• [Try it]: Print the lines below from the line with "Part of the" to the line with "2月16日,群眾在青海省大通" exactly, keeping both ends, and print no pictures.

• [Excerpted records]:
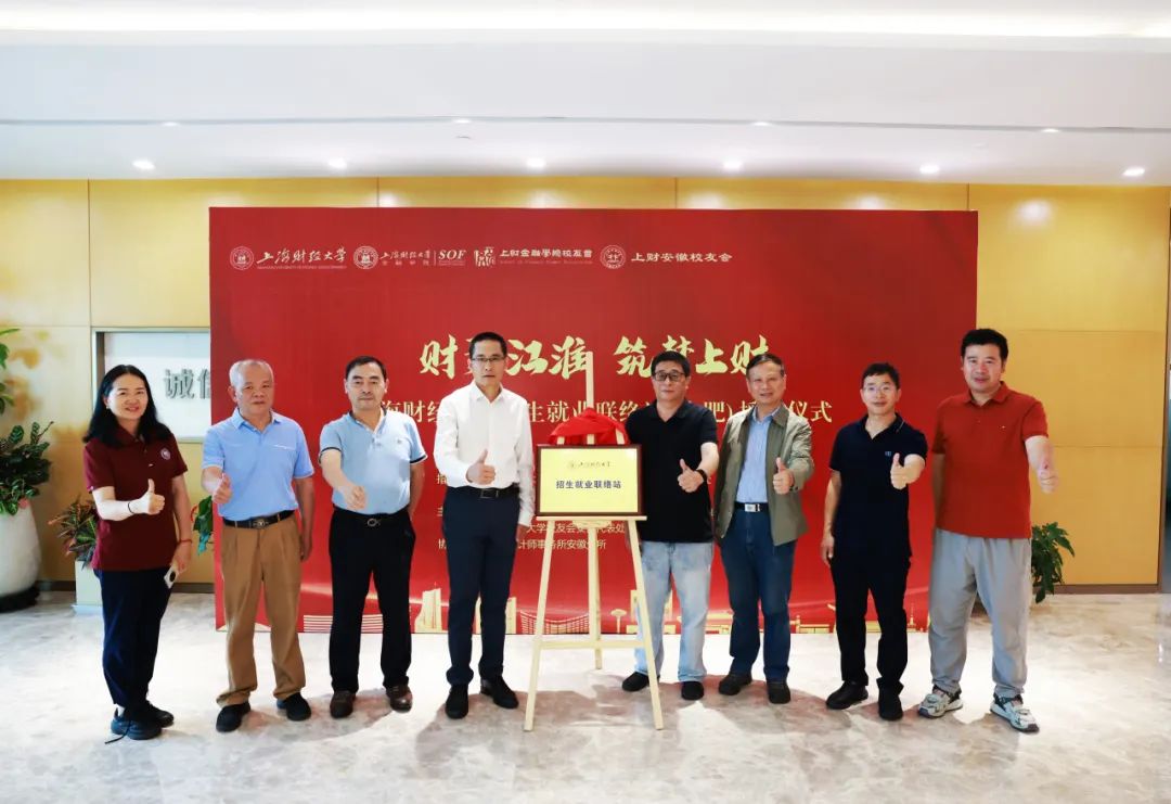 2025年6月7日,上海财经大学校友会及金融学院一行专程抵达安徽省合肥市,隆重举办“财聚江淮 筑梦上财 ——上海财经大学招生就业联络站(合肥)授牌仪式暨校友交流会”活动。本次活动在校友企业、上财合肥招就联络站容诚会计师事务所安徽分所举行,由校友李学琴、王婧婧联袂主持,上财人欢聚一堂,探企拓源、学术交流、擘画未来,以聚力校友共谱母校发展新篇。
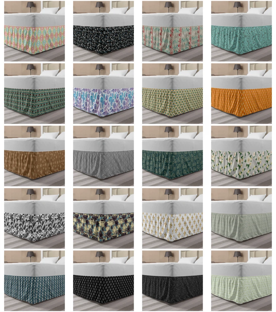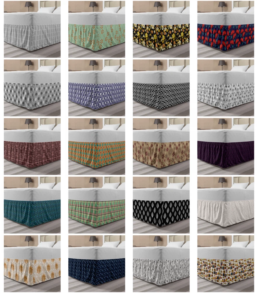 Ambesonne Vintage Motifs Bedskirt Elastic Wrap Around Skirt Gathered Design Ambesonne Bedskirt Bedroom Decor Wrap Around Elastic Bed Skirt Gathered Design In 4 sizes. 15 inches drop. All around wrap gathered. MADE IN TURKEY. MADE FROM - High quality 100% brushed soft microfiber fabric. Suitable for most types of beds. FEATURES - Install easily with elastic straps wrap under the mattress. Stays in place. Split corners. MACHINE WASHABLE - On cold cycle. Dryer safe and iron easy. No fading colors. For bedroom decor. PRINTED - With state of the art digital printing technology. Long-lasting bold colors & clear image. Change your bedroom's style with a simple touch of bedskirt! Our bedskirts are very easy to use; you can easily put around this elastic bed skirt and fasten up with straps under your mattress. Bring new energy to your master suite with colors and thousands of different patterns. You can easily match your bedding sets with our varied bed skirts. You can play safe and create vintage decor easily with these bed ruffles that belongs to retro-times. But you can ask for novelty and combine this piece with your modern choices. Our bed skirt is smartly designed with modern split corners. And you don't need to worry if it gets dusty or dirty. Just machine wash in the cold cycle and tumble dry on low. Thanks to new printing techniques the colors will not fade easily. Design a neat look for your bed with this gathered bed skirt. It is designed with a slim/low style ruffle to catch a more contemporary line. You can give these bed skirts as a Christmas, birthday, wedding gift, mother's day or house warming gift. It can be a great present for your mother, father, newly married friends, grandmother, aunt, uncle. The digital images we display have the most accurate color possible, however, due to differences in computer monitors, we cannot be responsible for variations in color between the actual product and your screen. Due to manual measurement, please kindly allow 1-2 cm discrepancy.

...

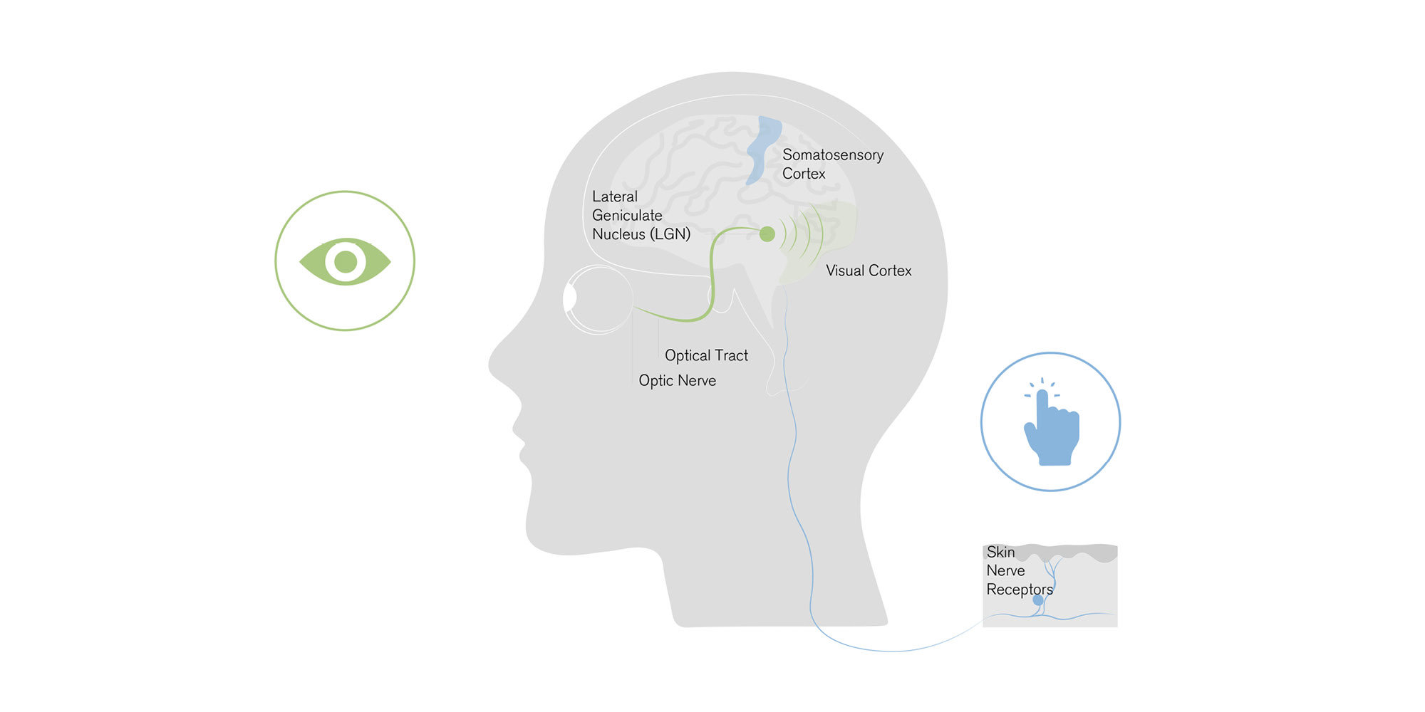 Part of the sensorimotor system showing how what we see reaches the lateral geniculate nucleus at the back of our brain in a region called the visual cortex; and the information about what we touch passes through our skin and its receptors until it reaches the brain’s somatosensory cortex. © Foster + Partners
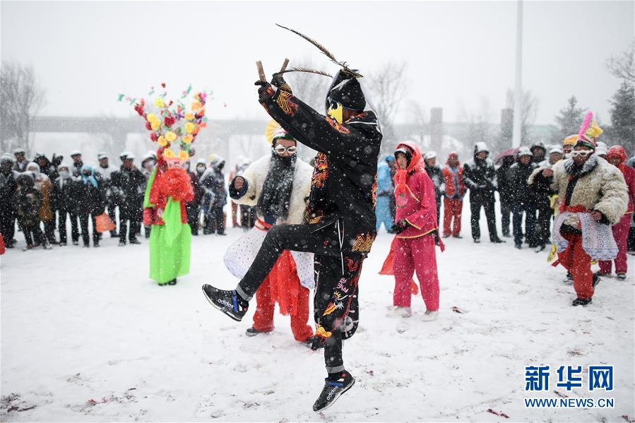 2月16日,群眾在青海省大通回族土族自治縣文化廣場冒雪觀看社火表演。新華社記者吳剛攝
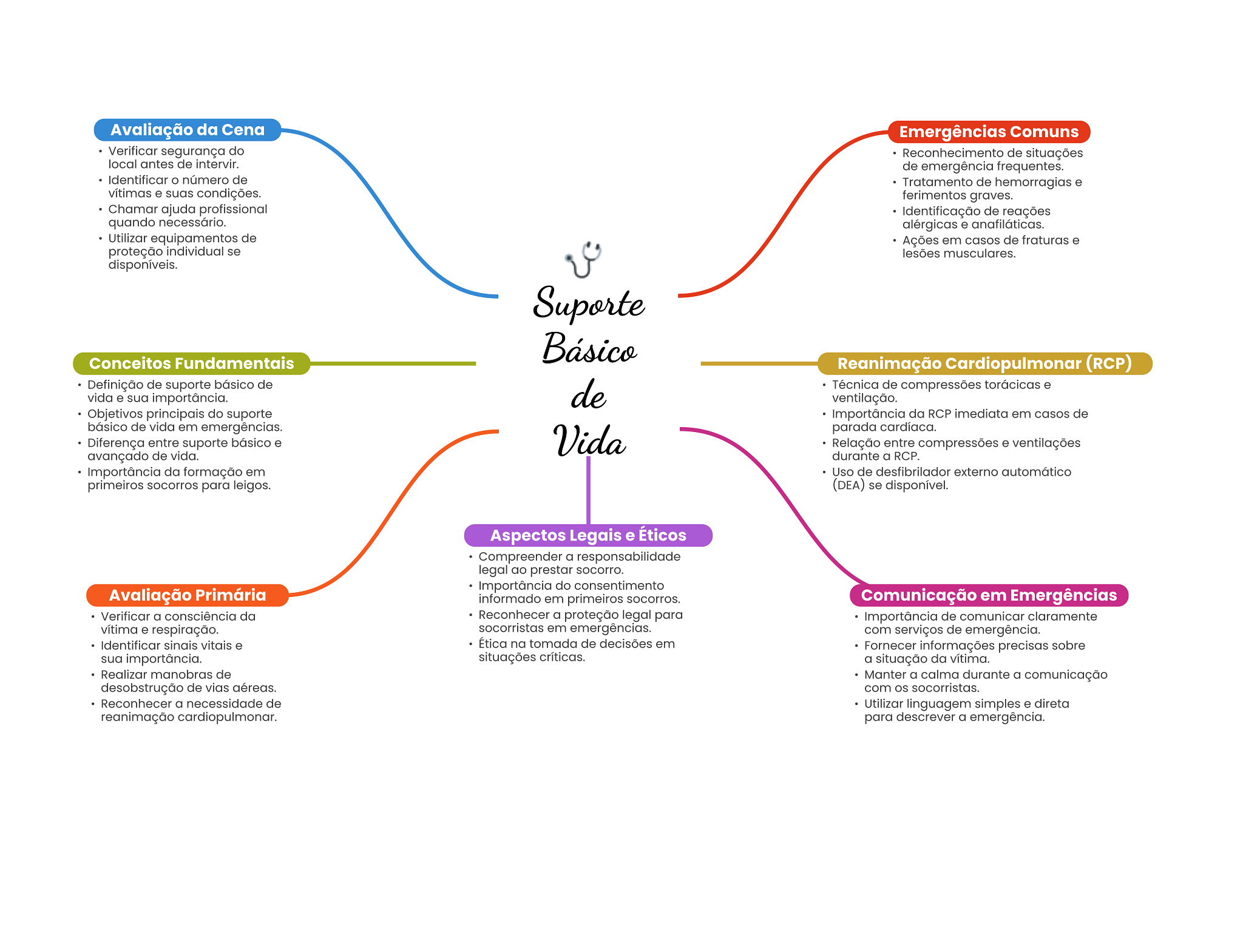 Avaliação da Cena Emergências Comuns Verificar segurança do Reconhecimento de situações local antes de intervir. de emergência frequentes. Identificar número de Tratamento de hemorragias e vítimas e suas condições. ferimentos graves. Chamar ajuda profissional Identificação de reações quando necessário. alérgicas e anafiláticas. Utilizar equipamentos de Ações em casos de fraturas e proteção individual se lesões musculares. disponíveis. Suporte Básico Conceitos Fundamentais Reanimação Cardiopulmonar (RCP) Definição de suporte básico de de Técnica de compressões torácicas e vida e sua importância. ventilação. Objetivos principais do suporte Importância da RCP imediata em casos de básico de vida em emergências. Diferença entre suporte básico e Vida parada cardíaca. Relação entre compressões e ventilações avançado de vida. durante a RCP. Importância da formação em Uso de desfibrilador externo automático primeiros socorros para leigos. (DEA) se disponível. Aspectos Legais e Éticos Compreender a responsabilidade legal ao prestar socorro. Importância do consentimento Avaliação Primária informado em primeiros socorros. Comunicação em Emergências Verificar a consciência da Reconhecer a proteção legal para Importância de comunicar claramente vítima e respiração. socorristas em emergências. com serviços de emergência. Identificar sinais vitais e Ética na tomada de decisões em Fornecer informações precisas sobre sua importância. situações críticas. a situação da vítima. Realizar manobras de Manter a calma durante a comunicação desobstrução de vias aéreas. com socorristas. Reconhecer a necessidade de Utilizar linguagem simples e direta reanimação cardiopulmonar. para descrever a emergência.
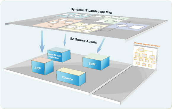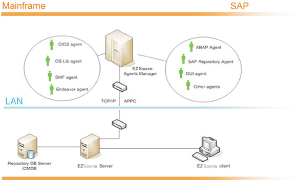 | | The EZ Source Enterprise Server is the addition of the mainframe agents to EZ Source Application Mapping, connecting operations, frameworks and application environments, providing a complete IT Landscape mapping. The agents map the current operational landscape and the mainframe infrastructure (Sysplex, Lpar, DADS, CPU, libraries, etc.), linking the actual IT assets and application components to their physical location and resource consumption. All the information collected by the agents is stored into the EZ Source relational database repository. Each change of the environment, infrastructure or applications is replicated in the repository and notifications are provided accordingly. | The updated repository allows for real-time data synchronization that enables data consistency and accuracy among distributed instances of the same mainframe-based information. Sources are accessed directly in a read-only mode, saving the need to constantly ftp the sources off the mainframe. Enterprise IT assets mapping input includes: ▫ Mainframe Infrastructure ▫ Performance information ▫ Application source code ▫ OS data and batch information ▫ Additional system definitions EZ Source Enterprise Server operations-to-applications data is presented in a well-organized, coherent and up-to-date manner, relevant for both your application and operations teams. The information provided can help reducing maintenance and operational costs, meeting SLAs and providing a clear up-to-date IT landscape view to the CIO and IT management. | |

---

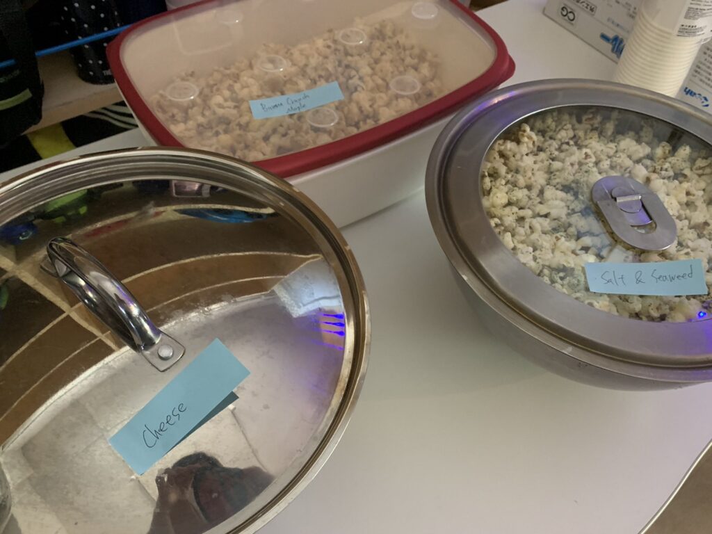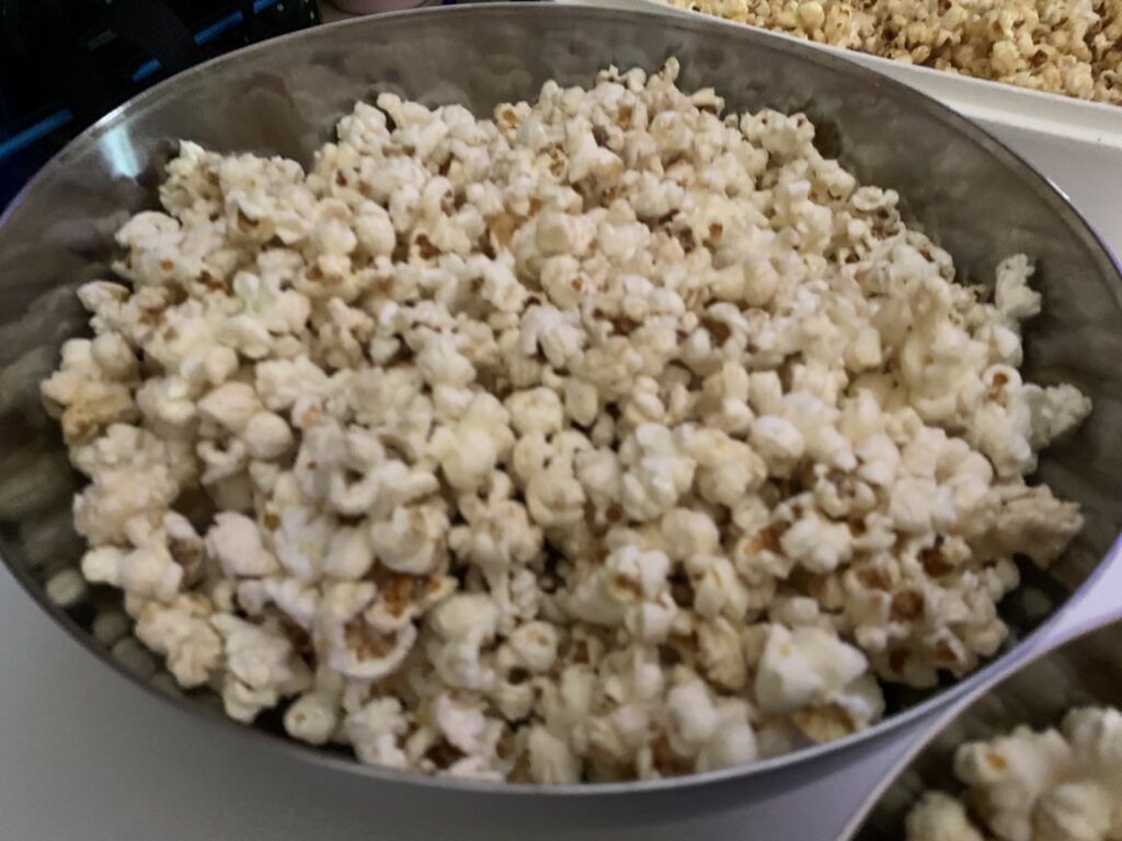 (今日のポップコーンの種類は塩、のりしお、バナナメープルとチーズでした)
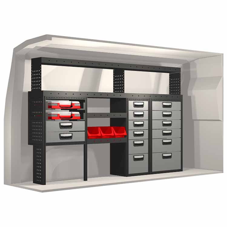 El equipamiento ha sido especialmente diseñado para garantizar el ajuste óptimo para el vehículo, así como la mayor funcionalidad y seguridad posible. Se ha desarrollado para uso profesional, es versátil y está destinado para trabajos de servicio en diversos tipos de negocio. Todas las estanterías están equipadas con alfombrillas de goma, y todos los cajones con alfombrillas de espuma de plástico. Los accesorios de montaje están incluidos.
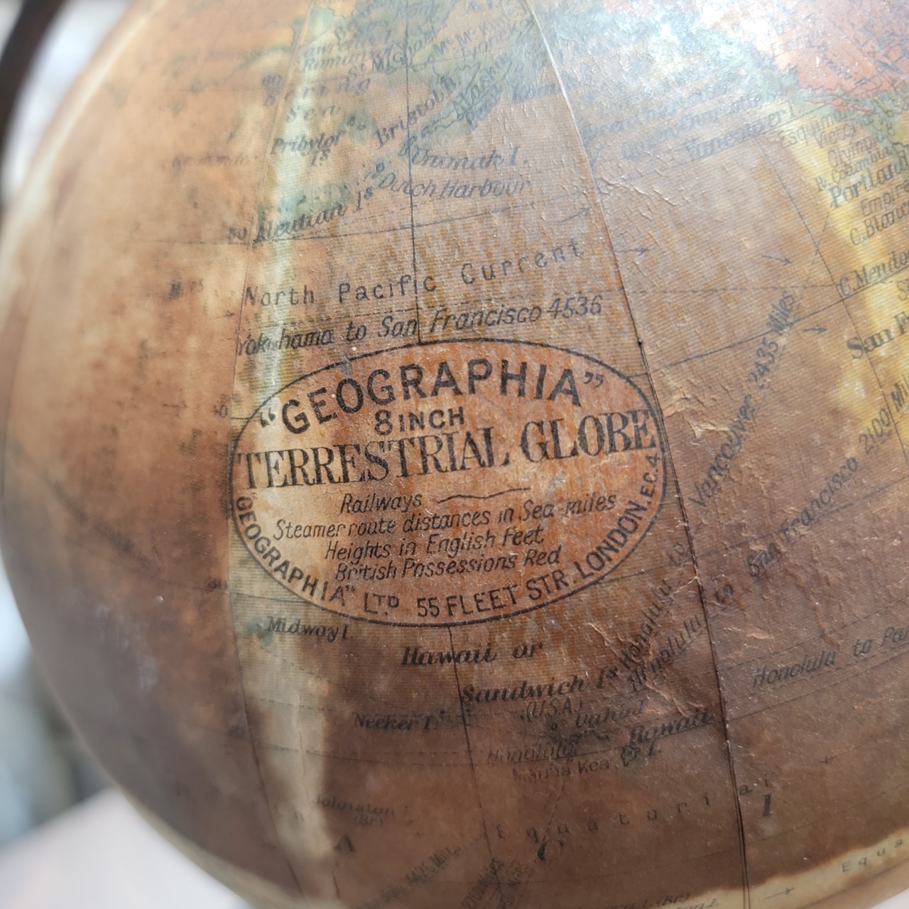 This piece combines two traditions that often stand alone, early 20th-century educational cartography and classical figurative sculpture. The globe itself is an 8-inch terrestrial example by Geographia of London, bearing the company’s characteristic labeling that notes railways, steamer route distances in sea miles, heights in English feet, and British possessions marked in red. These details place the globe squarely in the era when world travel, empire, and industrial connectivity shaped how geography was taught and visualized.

• [Answer to the problem]:
 Part of the sensorimotor system showing how what we see reaches the lateral geniculate nucleus at the back of our brain in a region called the visual cortex; and the information about what we touch passes through our skin and its receptors until it reaches the brain’s somatosensory cortex. © Foster + Partners
 2月16日,群眾在青海省大通回族土族自治縣文化廣場冒雪觀看社火表演。新華社記者吳剛攝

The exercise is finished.